Title:
Original Sin
Author:
P. D. James
Publisher:
Alfred A. Knopf, Inc., 1994
ISBN
0-679-43889

Original Sin by PD James, copyright 1994, published by Alfred A. Knopf, Inc., ISBN 0-679-43889, is a mediocre whodunnit supposedly starring PD James's stock-in-trade, Adam Dalgliesh. If I were Adam Dalgliesh, though, I'd sue for breach of contract and defamation of character.

Peverell Press is a fictional publishing house with an extraordinary run of bad luck in the recent past. When the chair of the five partners running the firm is found dead under suspicious circumstances, AD and his team are called into action. Each partner has sufficient motives for the murder, but the murderer's identity is not revealed until almost to the end of the story.

PD James has written a psycho romance of sorts, involving herself with the inner thoughts and motivations of a loose collection of people. The reader is expected to use these insights as clues to try to solve the puzzle. Just how successfully that is done the reader should discover for themselves, although on its own merits it reads quite well.

The book is also a flighty examination of the concepts of justice and revenge. Anyone who expects a mystery to produce an intelligent look at these issues deserves to be disappointed, but PD James is so ham handed in this undertaking that the whole book might do better to be rewritten as a farce.

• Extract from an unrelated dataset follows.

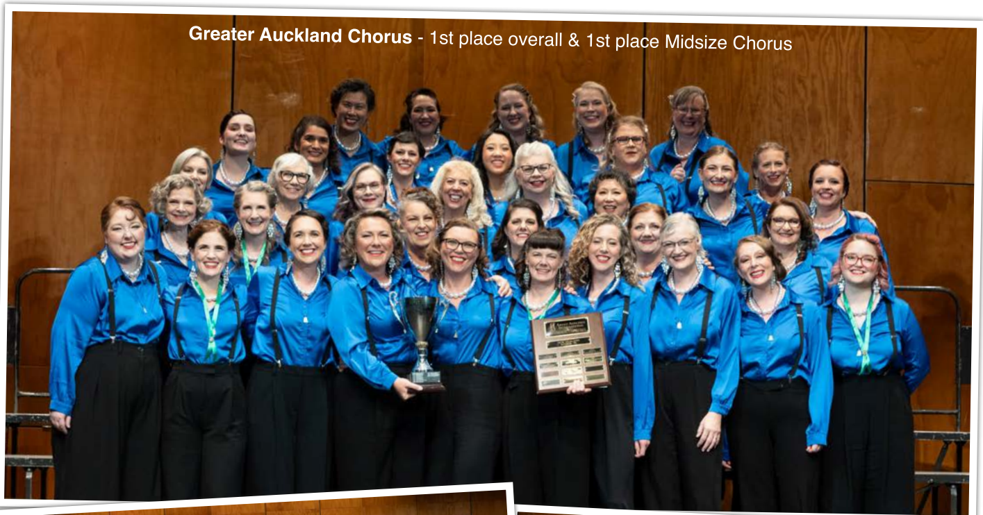
Greater Auckland Chorus - 1st place overall & 1st place Midsize Chorus

What troubled me most about the story was PD James's introduction of an overt racist streak into the story. The idea that a Jewish inspector of the Scotland Yard is somehow not to be trusted simply because he is Jewish was quite distasteful to me. Why did PD James trouble her plot with this unnecessary addition? There is no real justification for this behavior in the character's established background, and the story adds nothing to explain it. I have talked to other people about this, and so far have received no feedback indicating that I am being overly sensitive about this issue.

I am afraid that I cannot recommend the book to PD James fans, or to Adam Dalgliesh devotees. This is not one of PD James's better novels.